Published online March 30, 2022 https://doi.org/10.7570/jomes21096
Copyright © Korean Society for the Study of Obesity.
Department of Kinesiology, College of Public Health and Cardiovascular Research Center, Lewis Katz School of Medicine, Temple University, Philadelphia, PA, USA
Department of Kinesiology, College of Public Health and Cardiovascular Research Center, Lewis Katz School of Medicine, Temple University, 1052 Medical Education and Research Building, 3500 N. Broad St., Philadelphia, PA 19140, USA
This is an Open Access article distributed under the terms of the Creative Commons Attribution Non-Commercial License (http://creativecommons.org/licenses/by-nc/4.0/) which permits unrestricted non-commercial use, distribution, and reproduction in any medium, provided the original work is properly cited.

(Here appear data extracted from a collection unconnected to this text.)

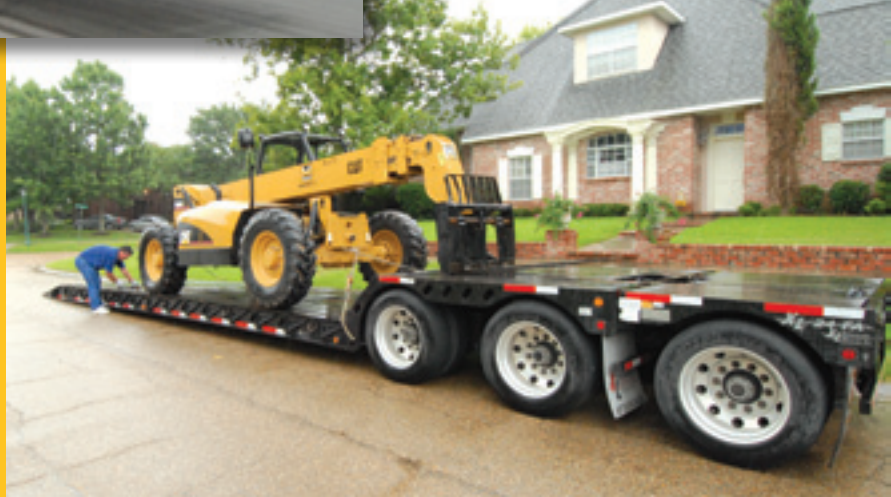
Removable Gooseneck (RGN) hauled this forklift to urban construction site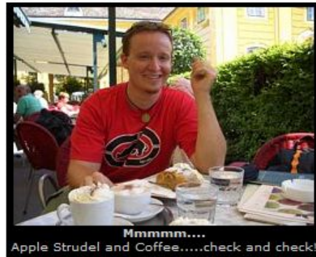
Mmmmm.... Apple Strudel and Coffee....check and check!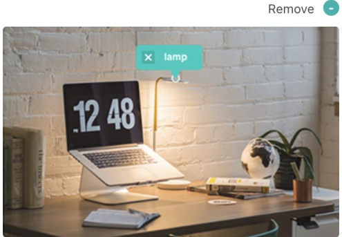
Annotation Task Example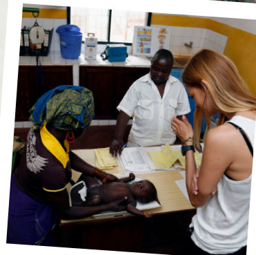
A mother with her baby during the first medical check-up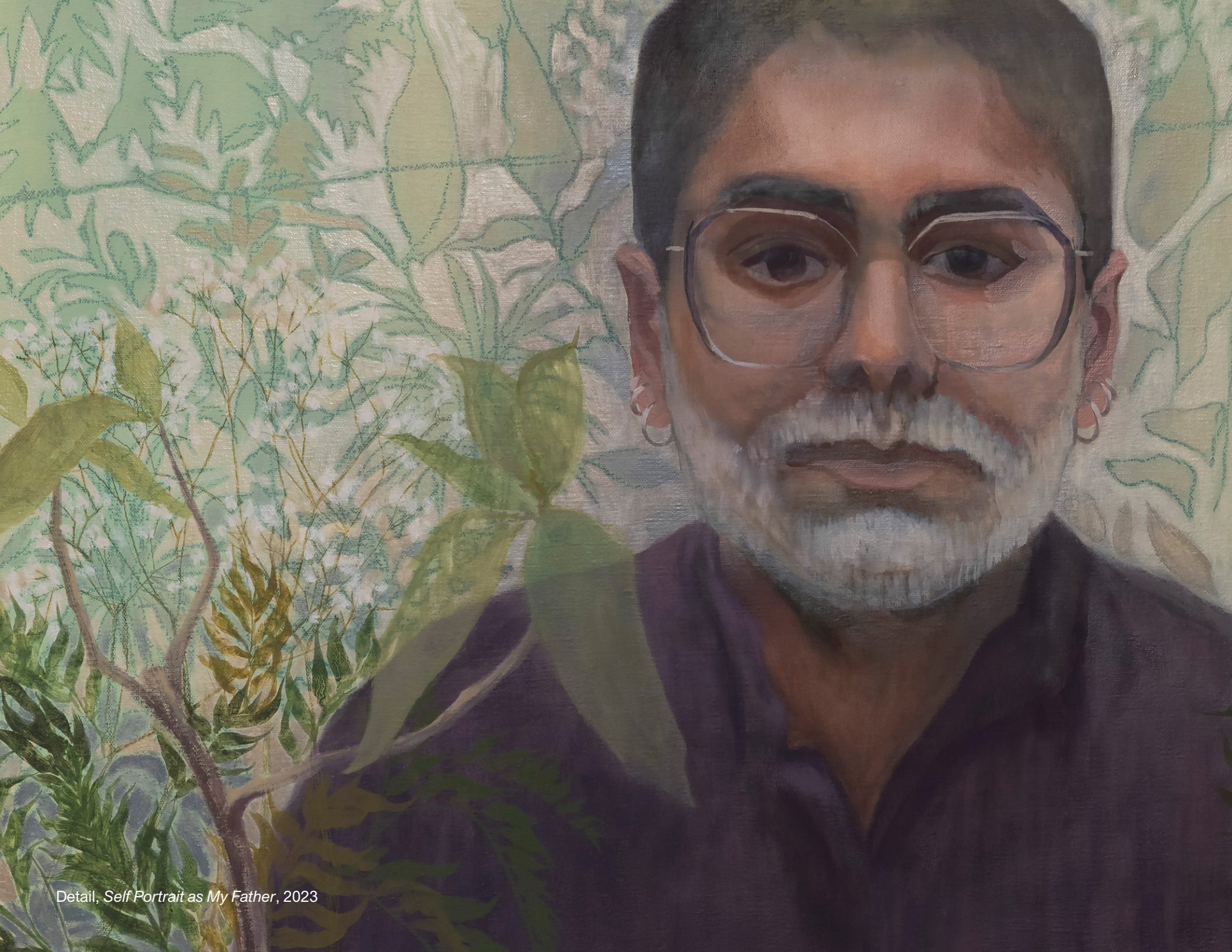
Detail, Self Portrait as My Father , 2023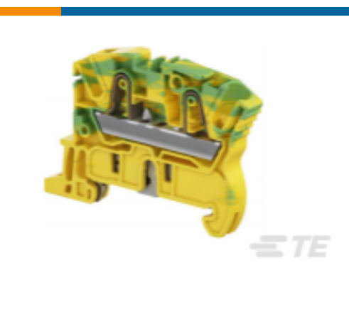
TE Part #1SNK706150R0000 ZK4-PE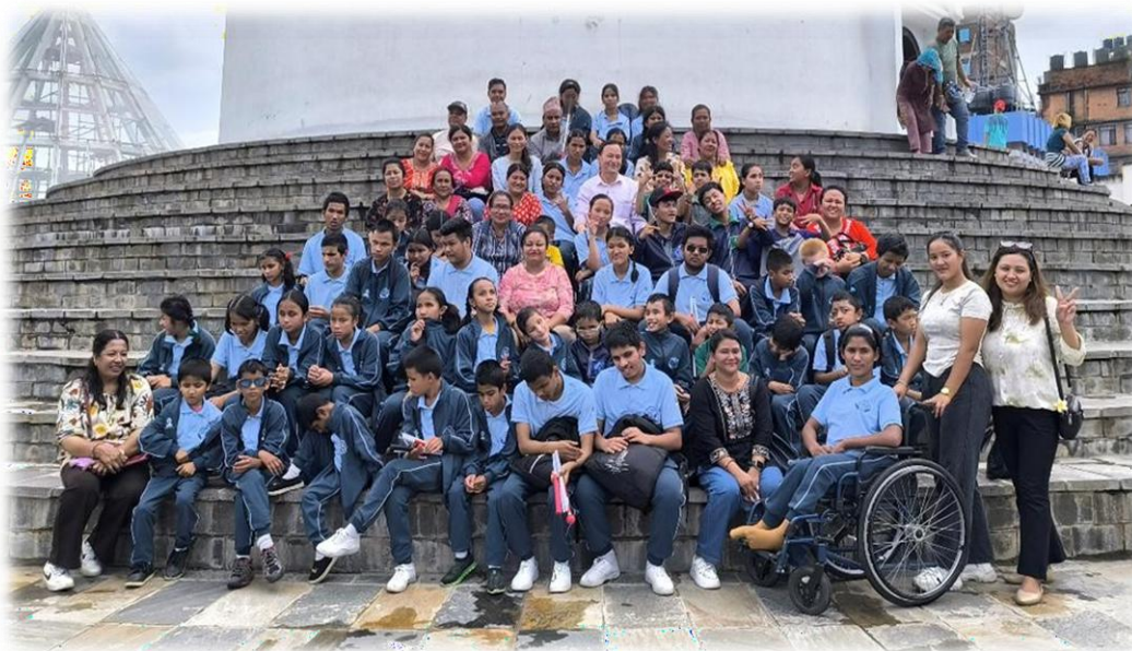
Disabled Service Association (DSA), Bungamati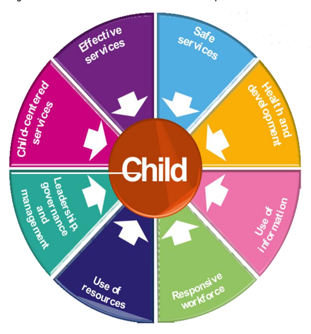
Figure 1: themes in the National Standards for Special Care Units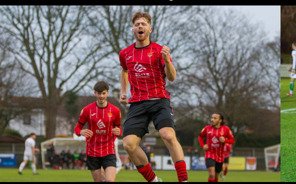
30 Nov LEAGUE v Mildenhall Town WON 3-0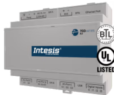
Panasonic to BACnet/IP & MS/TP - Up to 128 Indoor Units

The Panasonic application has been specially designed to allow bidirectional control and monitoring of Panasonic ECOi, PACi, ECOg / PAC, VRF systems from a BMS, SCADA, PLC, or any other device working as a BACnet/IP server or a BACnet MS/TP client. The solution allows the integration of up to 128 indoor units from a single interface.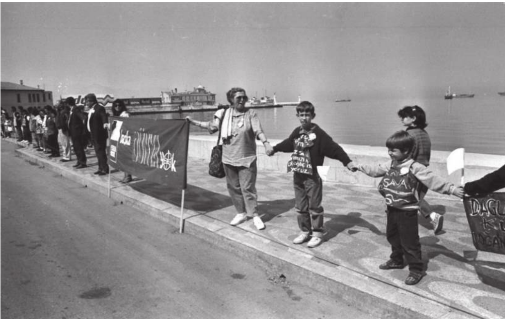
Figure 3.2 Human chain protest in 1990 against the planned coal-fired thermal power plant

Later, during the 1990s, new environmentalism grew in Turkey, on the shoulders of various environmental groups, ranging from the radical and anti-institutional to the scientific and institutional. This was mainly because, in the mid-1990s, the environment was seen as a critical entry point for a civil society where citizens were using the constitutional setting and appealing to the court to cancel project plans (Turhan et al. 2019; Aydın 2005). Legal appeals were, in general, supported by mass mobilization. This was also when the rally against the planned coal-fired thermal power plant started in the region. On 6 May 1990, more than 50,000 people formed a human chain stretching 24 km along the road connecting İzmir , the metropolitan city, to its industrial district Aliğa (see Figure 3.2). Following the demonstrations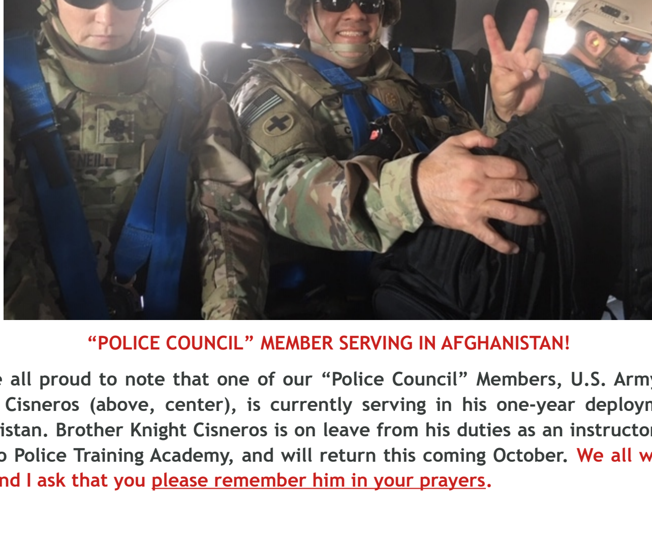
“POLICE COUNCIL” MEMBER SERVING IN AFGHANISTAN!

As is the case when attending any of our meetings or other Knights of Columbus event, please remember to bring your current “Police Council” membership card. Bring your Card....and we will laminate it for you!

Although the hallmark of obesity is the expansion of adipose tissue, not all adipose tissue expansion is the same. Expansion of healthy adipose tissue is accompanied by adequate capillary angiogenesis and mitochondria-centered metabolic integrity, whereas expansion of unhealthy adipose tissue is associated with capillary and mitochondrial derangement, resulting in deposition of immune cells (M1-stage macrophages) and excess production of pro-inflammatory cytokines. Accumulation of these dysfunctional adipose tissues has been linked to the development of obesity comorbidities, such as type 2 diabetes, hypertension, dyslipidemia, and cardiovascular disease, which are leading causes of human mortality and morbidity in modern society. Mechanistically, vascular rarefaction and mitochondrial incompetency (for example, low mitochondrial content, fragmented mitochondria, defective mitochondrial respiratory function, and excess production of mitochondrial reactive oxygen species) are frequently observed in adipose tissue of obese patients. Recent studies have demonstrated that exercise is a potent behavioral intervention for preventing and reducing obesity and other metabolic diseases. However, our understanding of potential cellular mechanisms of exercise, which promote healthy adipose tissue expansion, is at the beginning stage. In this review, we hypothesize that exercise can induce unique physiological stimuli that can alter angiogenesis and mitochondrial remodeling in adipose tissues and ultimately promote the development and progression of healthy adipogenesis. We summarize recent reports on how regular exercise can impose differential processes that lead to the formation of either healthy or unhealthy adipose tissue and discuss key knowledge gaps that warrant future research.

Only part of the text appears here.